Ask HN: Software Engineer to trainer career advice - gorpgorp
Has anyone here made the move from engineer to trainer?<p>And maybe even moved back?<p>Thoughts on career impact moving to a training role, if you want to go back to engineering&#x2F;architecture in the future.
======
muzani
Yeah, I became a trainer and moved back.

Side by side, training part time actually pays much less than engineering
work, but it's also a lot easier and repetitive.

Then again, half the richest people I know on the freelance tier are full time
trainers. It's a way to make about $200k/year working 20 hours/week. You'll
also get called to do training in a lot of distant areas, fully paid, so it's
nice if you want to travel.

It's actually very possible to keep a main engineering job. Nobody believes a
trainer who hasn't done a lot of work themselves ("if you can't do, teach").
So for most people, I'd recommend you do 20% of work training, 80%
engineering.

Career wise, it has been very good. As I teach for certifications, it's worth
far more than having a certification. All the last jobs I got made the
decision to hire me on training experience.
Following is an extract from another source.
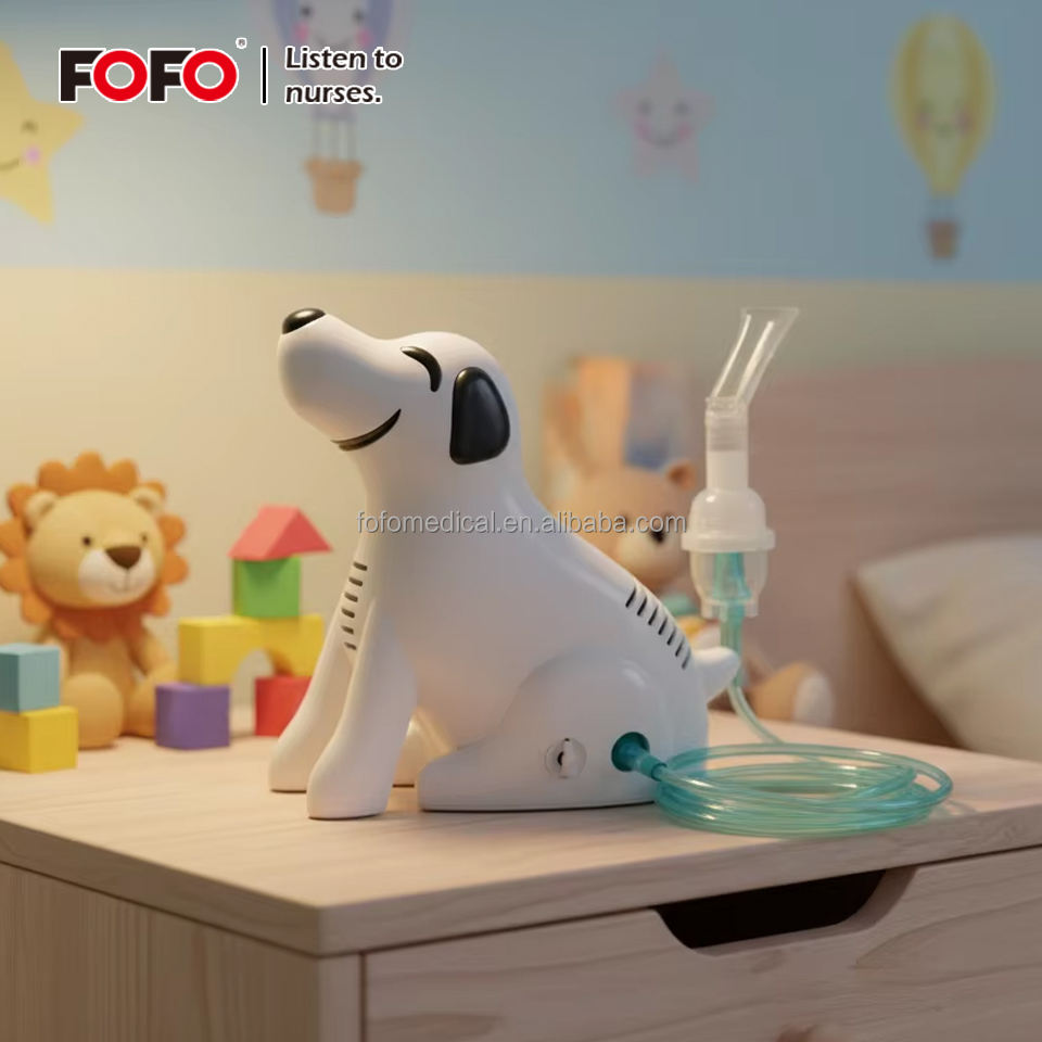 เครื่องพ่นยาไฟฟ้าสำหรับเด็ก OEM รูปทรงการ์ตูนสัตว์เลี้ยง (สุนัข) แบบคอมเพรสเซอร์ ใช้เสียบปลั๊ก
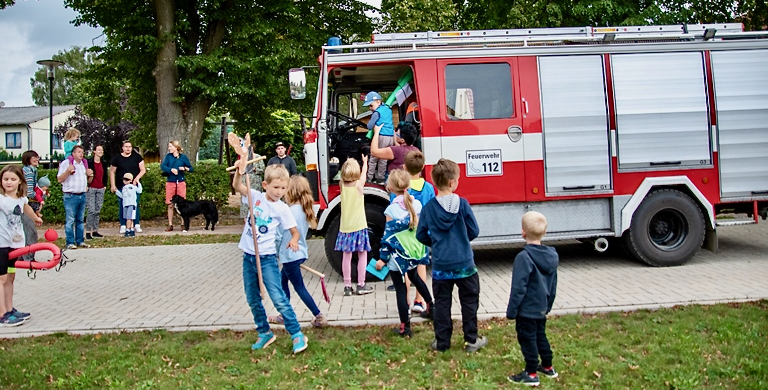 Die Groß Vielener Bauern liefen am vergangenen Sonntag am Nachmittag aufgeregt durch das Dorf und suchten Hilfe. Ihre Pferde waren entlaufen. Gut, dass die Feuerwehr und die Kinder auf dem neuen Spielplatz zugegen waren, denn dieser wurde nach erfolgreicher TÜV-Prüfung gerade eingeweiht. Zu diesem Anlass erschienen Jung und Alt zahlreich, und so bekamen die Bauern tatkräftige Unterstützung – nicht nur von der Feuerwehr, sondern auch von den Kindern.

The downside is that it is physically more tiring. I can work remotely with
programming, but not training. I can't take the day off if I'm not feeling so
well. You'll also have to be wary of unpaid hours doing things like
researching new technology, making slides, iterating on improving your
material.

1 week training involves about several weeks of work to do the first time, but
you can repeat the same material in the future. Ideal are things like
certifications, bootcamps, and corporate training, where you can reuse the
same material across many different people.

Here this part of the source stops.